In the prediction comparison for KOMPSAT-5 satellite, the SARIMA estimates seasonal fluctuations; however, the maximum charge and discharge current prediction error is larger than that of the Bi-LSTM model. In addition, with the SARIMA model, a more accurate estimation can be made in winter, when periodic expression intervals occur, but it is observed that larger prediction errors occur in the remaining seasons. This is because, under the assumption that the current trend would continue into the future, it does not reflect the aperiodic externalities caused by SARIMA’s limitations in predicting the future mission performance and posture change. On the contrary, with the Bi-LSTM model, it is demonstrated through the RMSE analysis result that it shows a low error than the SARIMA model in all four seasons because it could include all external variables. In addition, the similarity between the actual value and the predicted value is observed with the MAPE and correlation coefficient analysis that the Bi-LSTM prediction is superior to the SARIMA prediction.
5. Conclusions
LEO satellites have limitations in continuous status monitoring due to access restrictions in the orbit. Therefore, the development of a simulator for predicting satellite events has been undertaken. However, it is difficult to predict the state of satellites in general, because of their environmental characteristics. In particular, the power system is difficult to model mathematically because it fluctuates depending on the environment and operating conditions, such as the operating period, orbit, operating plan, and season.

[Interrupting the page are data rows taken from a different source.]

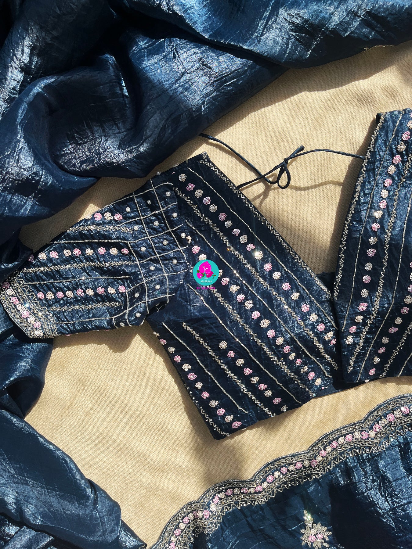 Crushed satin silk saree with sequins embroidery paired with Crushed satin sequins blouse
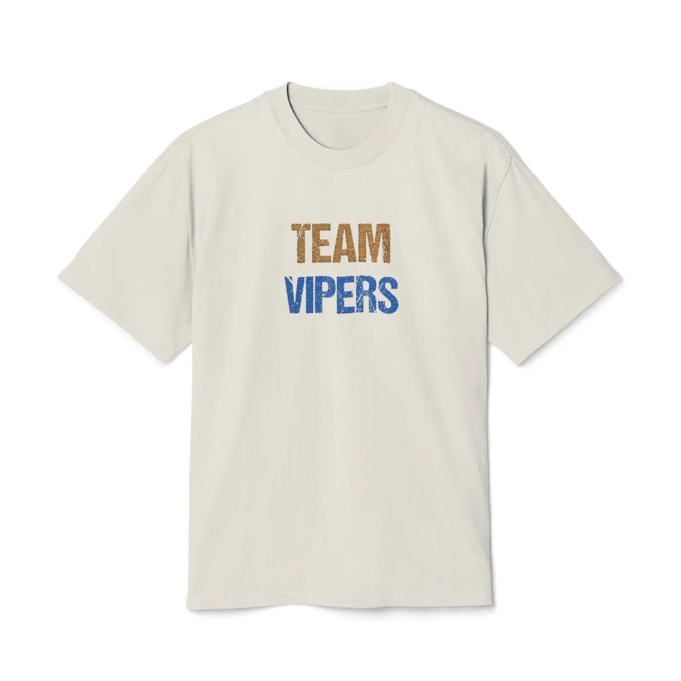 Inspired by vintage team jerseys, the heavy-duty fabric features a faded, garment-dyed finish that’s soft to the touch and packed with character. The wide ribbed collar adds a fresh retro edge while the “TEAM VIPERS” glitter graphic pops with vibrant texture. Made for those laid-back practice drills or sporty weekend hangouts, this tee keeps your look warm, fresh, and ready for every scrimmage with an eco-friendly heart.
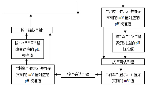 e) 把用蒸餾水或去離子水清洗過的電極插入pH=6.86pH(或pH=4.00;或pH=9.18)的標準緩沖溶液中,按“標定”鍵,此時顯示實測的mV值,待讀數(shù)穩(wěn)定后按“確認”鍵(此時顯示實測的mV值對應的該溫度下標準緩沖溶液的標稱值),然后再按“確認”鍵,儀器轉(zhuǎn)入“斜率”標定狀態(tài)。溶液的pH值與溫度關(guān)系對照表見附錄;
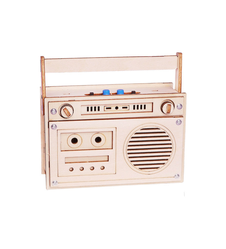 This is so much fun! Build your very own boombox shaped voice recorder that captures up to 60 seconds of audio and plays it back with a looping feature. Perfect for hands-on learning and exploring sound technology! Paint it or leave natural... either way it looks really rad!
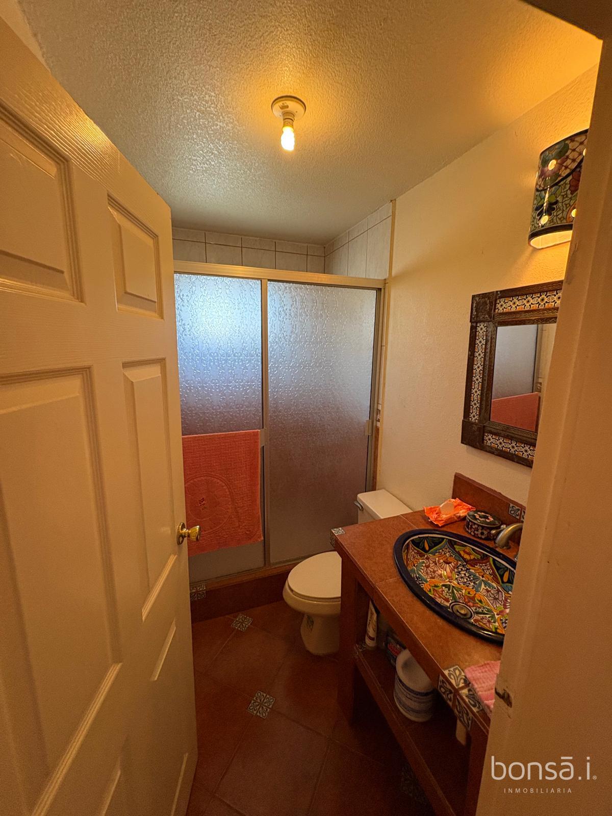 En la parte de abajo también encontramos una recámara con su propio baño que se puede usar para visita o servicio, anexos están el cuarto de lavar y un garaje con loseta para 2 autos.
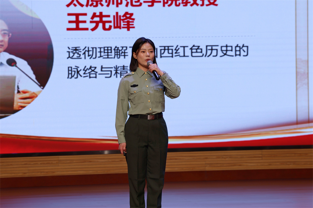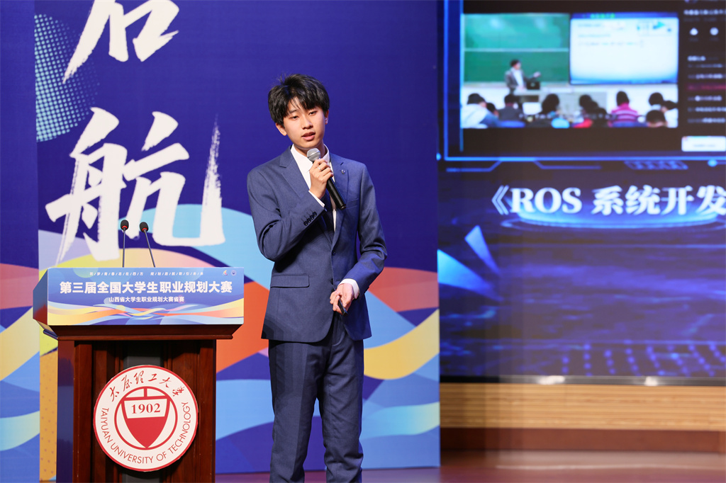 颁奖环节与优秀选手汇报展演交替进行,现场气氛热烈。我校金奖获得者赵靖、中北大学金奖获得者刘荣臻、太原师范学院朱佳鑫、晋城职业技术学院李雅娟、山西文化旅游职业大学张诗涵等五位优秀选手依次登台,分享了他们的职业规划故事和青春梦想。从致力于国家能源转型的“综合能源系统解决方案架构师”,到守正创新的“新时代上党梆子演员”;从扎根三晋大地的“红色讲解员”,到瞄准未来科技的“人形机器人视觉算法工程师”,再到服务民航强国的“空中乘务员”,选手们生动的讲述展现了新时代青年将“小我”融入“大我”的坚定决心与责任担当。
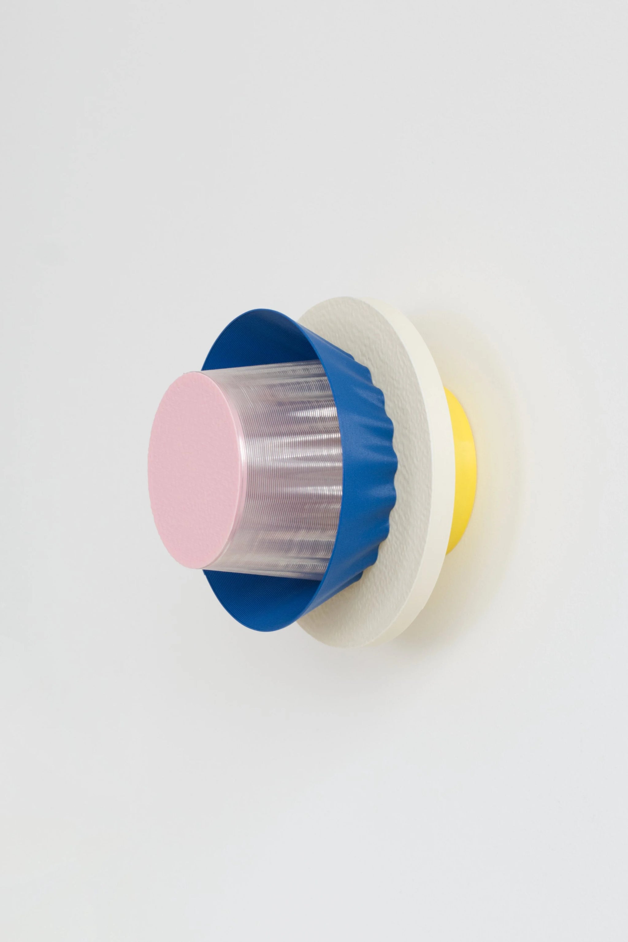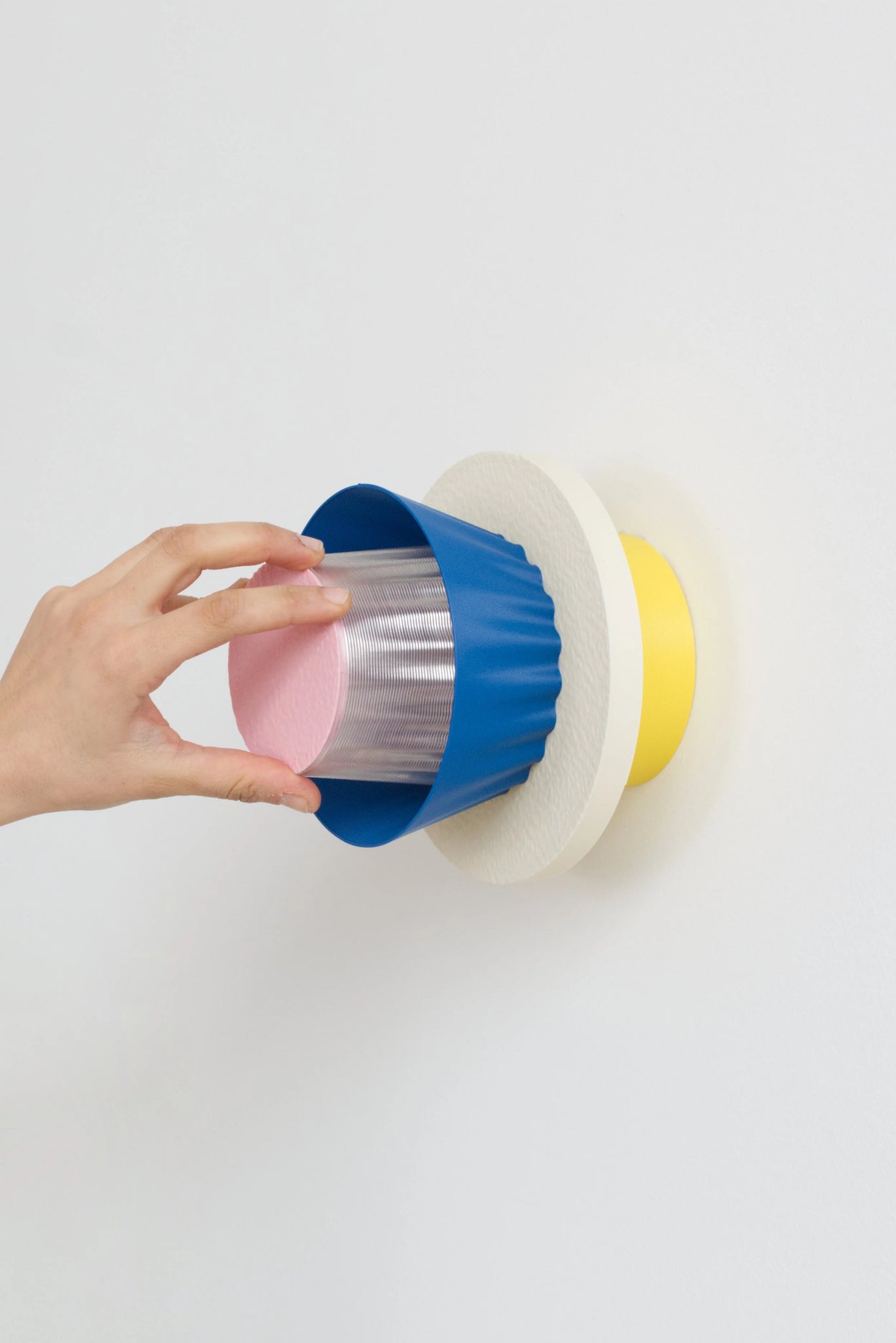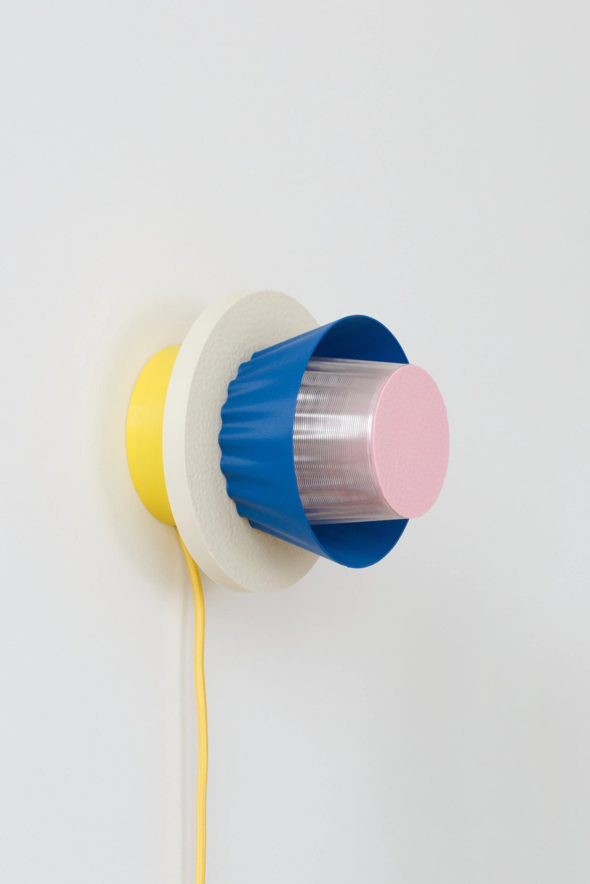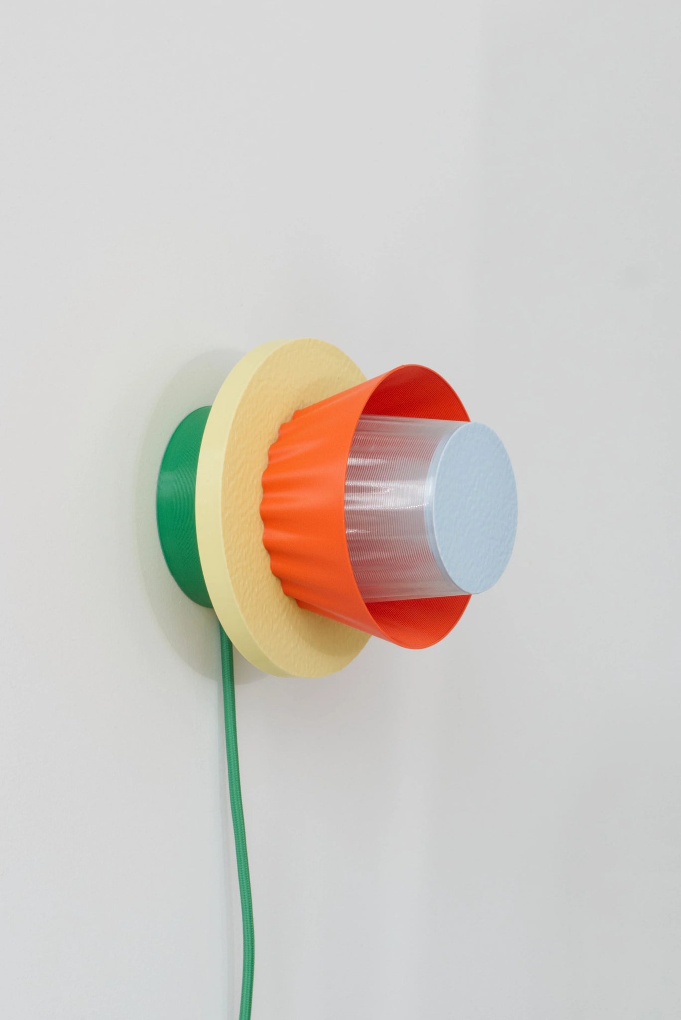 Deze wandlamp van Warren & Laetitia doet meer dan verlichten alleen. Ze heeft de unieke eigenschap om haar kleuren zachtjes te laten weerkaatsen op de muur waarop ze gemonteerd is, terwijl ze tegelijk de ruimte subtiel verlicht. Het resultaat is een warm spel van licht, kleur en schaduw dat meteen sfeer brengt — zonder te overheersen.

In this paper, we have proposed and comparatively analyzed a technique to predict the charge and discharge current of a LEO satellite battery, which is the most important information for mission- and power-related analysis and simulator development among power systems. To confirm the validity of the proposed data-based learning technique, the on-orbit charging and discharging current prediction errors have been compared, for which training has been performed with data from one year and an evaluation has been conducted using data from the subsequent year. The performance has been demonstrated an accurate and reliable performance with real satellite data.
It is expected that data-based prediction in this study of the charging and discharging current of the satellite enables the development of a LEO satellite power simulator. Moreover, it will facilitate the development of guidelines for satellite battery management. In addition, it is anticipated that the energy balance analysis of the satellite power system can be utilized by applying the charge and discharge current predictions in this study to multiple satellites.
In the future, we plan to expand the LEO satellite battery current prediction to conduct a study on the degradation prediction of satellite power consumption and the battery SOC estimation method.